Bush SS, Myers TE. Psychol. Inj. Law 2013; 6(1): 3-20.

Copyright

(Copyright © 2013, Holtzbrinck Springer Nature Publishing Group)

DOI

10.1007/s12207-013-9142-2

PMID

unavailable

Abstract

Motor vehicle collisions (MVCs) are the second leading cause of traumatic brain injury (TBI), accounting for between 17 and 28 % of all TBIs. Although about 86 % of those who are involved in MVCs sustain no injuries, the remaining 14 % commonly experiences temporary or permanent cognitive, physical, and emotional problems; decreased functioning; and adverse lifestyle changes, which often result in litigation or pursuit of disability benefits. Although by far the most common severity of brain trauma resulting from MVCs falls at the mild end of the spectrum, many patients sustain moderate and severe brain injuries. Because of differing neuropathology, clinical presentations, recovery courses, and treatment and care needs, the neuropsychological conceptualization of, and services provided to, those who have sustained mild traumatic brain injuries typically differ from the conceptualization and services needed for those who sustained moderate-severe TBIs.

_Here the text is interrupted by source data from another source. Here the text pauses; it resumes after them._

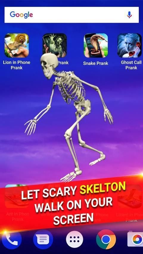 Skeleton pada layar Prank - Berjalan Skeleton dan Crawling Skeleton pada layar ponsel Anda. Berjalan Skeleton berjalan pada ponsel Anda saat Anda mengatur Skeleton untuk berjalan pada layar. Anda juga dapat memilih Crawling Skeleton di layar telepon saat terus merangkak pada layar ponsel Anda.
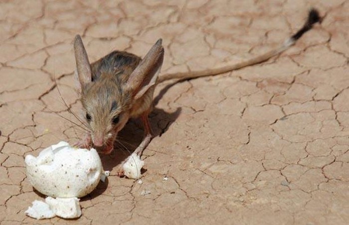 Этот грызун проживает в пустынях Китая и Монголии. У него очень длинный хвост, уши и задние лапы.
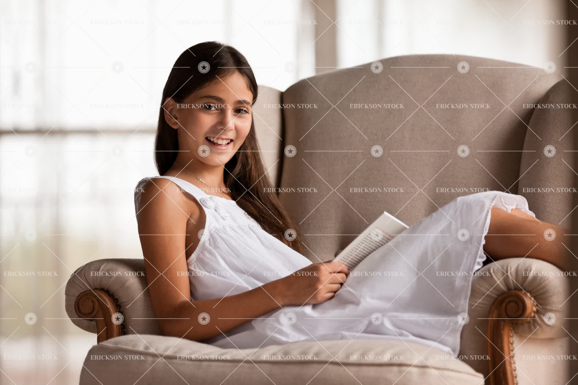 Tags armchair, book, caucasian, chair, cheerful, child, day, delight, elementary age, enjoyment, Eye contact, female, Furniture, girl, girls, happiness, happy, home interior, home interiors, horizontal, indoor, indoors, inside, joy, joyful, kid, kids, leisure, leisure activities, leisure activity, Living room, living rooms, look at camera, looking at camera, lounge, lounges, one person, people, person, pre-adolescent, pre-adolescents, Pre-teen, pre-teens, preteen, preteens, read, reading, recreation, recreational pursuit, recreational pursuits, seat, seatings, sit, sitting, sitting room, sitting rooms, smile, smiling, teenager, three quarter length, tween
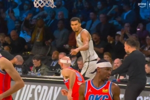 GIF-文班亚马面对卡鲁索干扰打进中距离 然后回头手指着对手振振有词
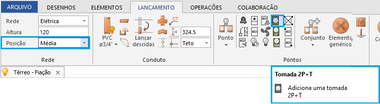- Ainda na guia Lançamento, acesse o grupo Pontos, botão Tomada 2P+T;
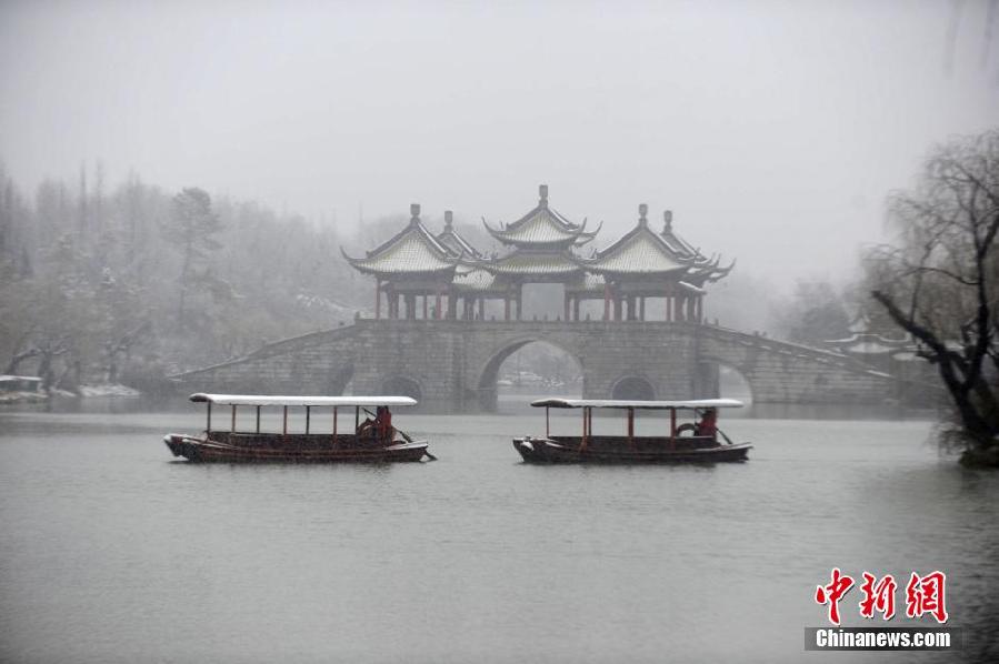 2月18日,江苏扬州大雪纷飞,颇具江南韵味的扬州古典园林瘦西湖景区银装素裹、如诗如画,呈现出一派“北国风光”,吸引了不少市民和游客走出户外,感受春雪带来的快乐。图为扬州瘦西湖的“五亭桥”银装素裹。孟德龙 摄
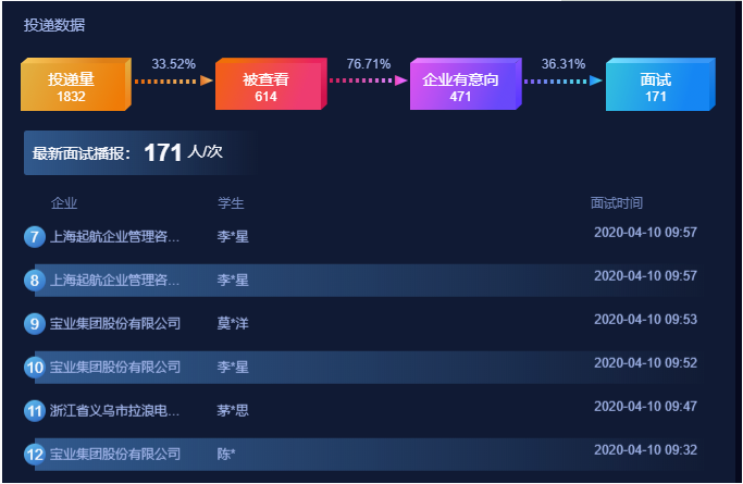 学校开通《职业发展与创就业指导》在线课程平台,在线助力毕业生掌握求职技能,提高创就业能力;开通职业测评平台,测评内容包括现状评估、自我了解、职业探索、决策行动四个模块,生成“生涯计划书”,帮助学生认识自己、探索职业、确定目标、做出决策并制定行动计划;开启线上创新创业赛事指导,联合中国高校众创空间联盟等社会力量发起“在线双创行动”,通过钉钉、企业微信等平台组织学生学习大咖直播、双创课程、“互联网+创新创业大赛”等,灵活开展导师与项目之间的多种帮扶活动,实现对重点项目和团队人员的实时跟踪。
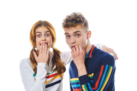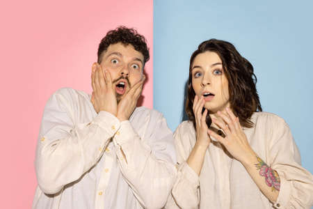 Half length portrait of young emotive man and girl looking at camera isolated on blue and pink trendy color background. Human emotions concept
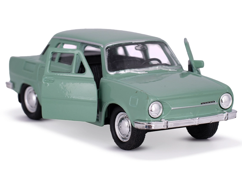 Kovový model vozidla Škoda 100 je starostlivo spracovanou replikou legendárneho československého sedanu. Vďaka realistickým proporciám, chrómovaným detailom a priesvitným oknám s interiérom pôsobí na poličke aj pri hre mimoriadne verne. Integrovaná funkcia spätného chodu dodá zábave dynamiku – stačí natiahnuť a pustiť.
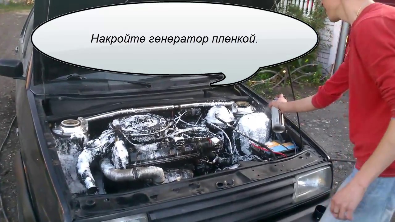 - Особое внимание уделите системе зажигания и генератору. Предварительно очищенные места контактов обработайте специальным защитным составом. Чтобы уберечь электрическую часть и воздуховоды от попадания влаги, используйте полиэтиленовые мешки, скотч или фольгу (ее удобно применять для изоляции от воды, так как она принимает форму предмета и хорошо удерживается на нем, без дополнительной фиксации).
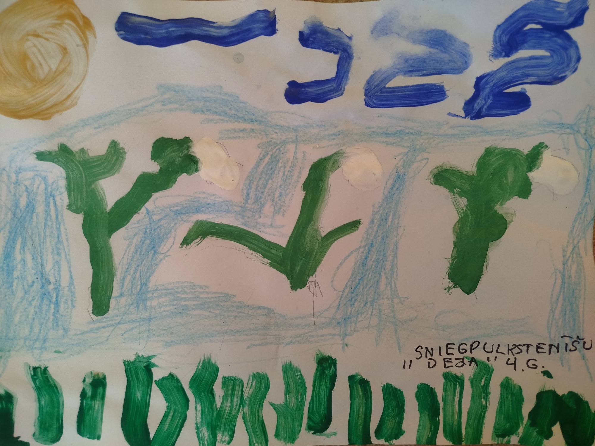 Apvienojot guaša krāsas un krītiņus, autors attēlojis pirmo pavasara vēstnešu - sniegpulkstenīšu deju pretī zeltainajiem saules stariem debesīs.
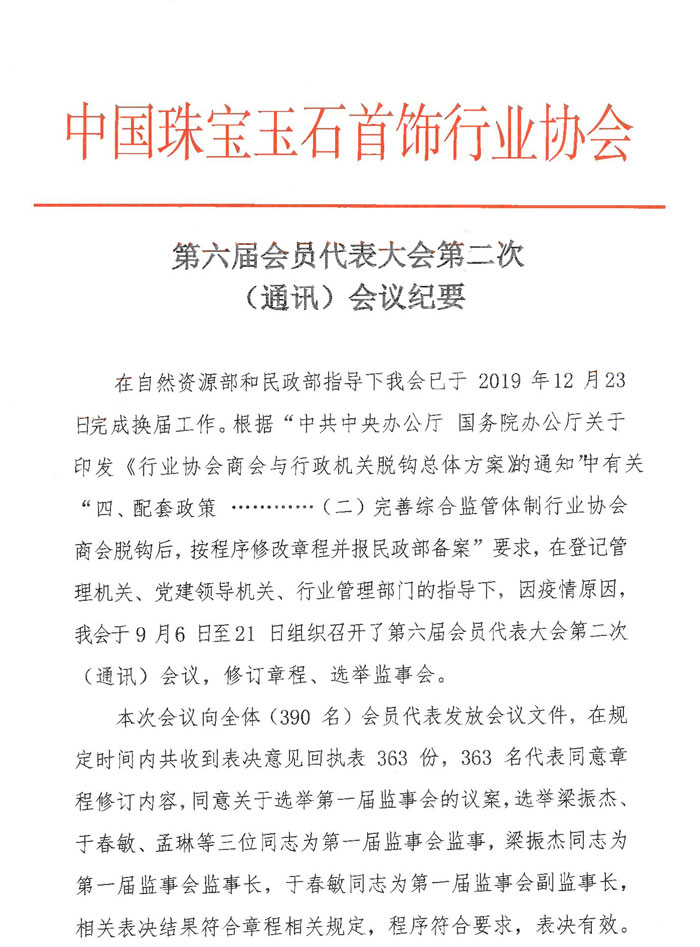 第六屆會員代表大會第二次(通訊)會議紀(jì)要

Physical pain, emotional distress, effects of medications, and various motivations to seek services often contribute to the complexity of issues experienced by patients and confronted by clinicians. The purpose of this article is to review the assessment and treatment of cognitive, emotional, and behavioral problems experienced by persons who have been involved in MVCs, with a primary focus on outpatient settings and TBIs that fall at the mild end of the severity spectrum.